Project 1: Summary/Abstract The proposed research targets an HIV-1 cure strategy that attempts to increase and optimize anti-HIV cellular immune responses, which play a critical role in the control of HIV replication in the body. Due to the durability and persistence of reservoirs of HIV infected cells, combined antiretroviral treatment (ART) is insufficient in eradicating HIV-1 from the body and the patients have to remain on treatment for the rest of their lives. Achieving HIV-1 cure or remission without ART treatment will require the enhancement and persistence of effective antiviral immune responses. Most current efforts primarily focus on enhancing immunity via genetic modification of peripheral T cells while we aim at creating lifelong anti-HIV responses by modifying autologous Hematopoietic Stem/Progenitor Cells (HSPCs) with an optimized anti-HIV Chimeric Antigen Receptor (CAR) molecule. In addition, the gene therapy vector expressing this CAR molecule also contains anti-HIV genes, which protect the newly developed, vector-containing T cells from infection. We will also explore immune and gene combination therapies to improve the safety, performance, and efficacy of the CAR HSPC-based therapy. We will use a mouse model with a surrogate system that recapitulates the human immune system and HIV pathogenesis, to select for the best CAR vector and best combination therapy design to maximize the in vivo functionality of CAR cells. We will evaluate our lead CAR candidates and combination therapy in SHIV+ infected, anti-retroviral drug-treated non-human primates (NHPs) to best mimic the human clinical setting. Our proposed study will provide crucial insights and pave the way for investigational new drug (IND) development of numerous HSPC-based CAR immunotherapies.

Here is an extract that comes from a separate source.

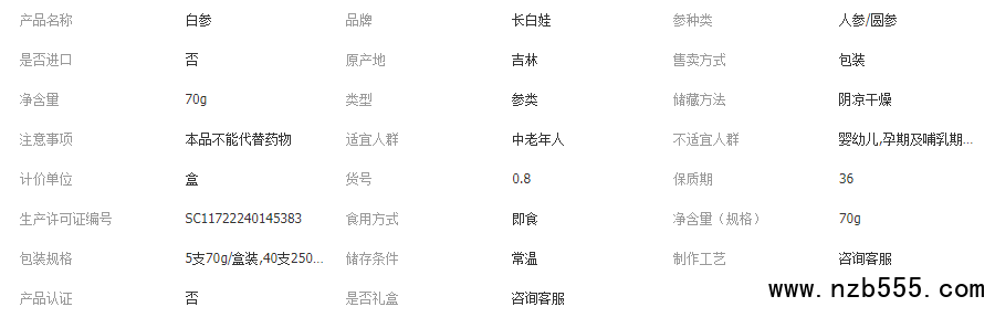 長白山人參吉林特產(chǎn)白參長白山人參白參廠家貨源5支一盒70g批發(fā)

项目1：摘要/摘要 拟议的研究针对HIV-1治疗策略，该策略试图增加和优化抗HIV细胞免疫反应，这在控制体内HIV复制中起着至关重要的作用。由于HIV感染细胞的储存剂的持久性和持久性，抗逆转录病毒治疗（ART）的组合在根除体内的HIV-1方面不足，并且患者必须在其余生中继续进行治疗。实现HIV-1治疗或无艺术治疗的缓解将需要增强和持久有效的抗病毒免疫反应。目前的大多数努力主要集中于通过对外围T细胞的遗传修饰增强免疫力，同时我们旨在通过使用优化的抗HIV抗HIV嵌合抗原受体（CAR）分子来修饰自体造血干细胞/祖细胞（HSPC）来创造终身抗HIV反应。此外，表达该CAR分子的基因治疗载体还包含抗HIV基因，可保护新开发的含量的T细胞免受感染。我们还将探索免疫和基因组合疗法，以提高基于HSPC的疗法的安全性，性能和功效。我们将使用具有替代系统的小鼠模型，该模型概括了人类免疫系统和HIV发病机理，以选择最佳的CAR矢量和最佳组合疗法设计，以最大程度地提高汽车细胞的体内功能。我们将评估我们在SHIV+感染的，抗逆转录病毒药物治疗的非人类灵长类动物（NHP）中的候选车和组合疗法，以最好地模仿人类的临床环境。我们提出的研究将为研究新药物（IND）开发众多基于HSPC的汽车免疫疗法的开发铺平道路。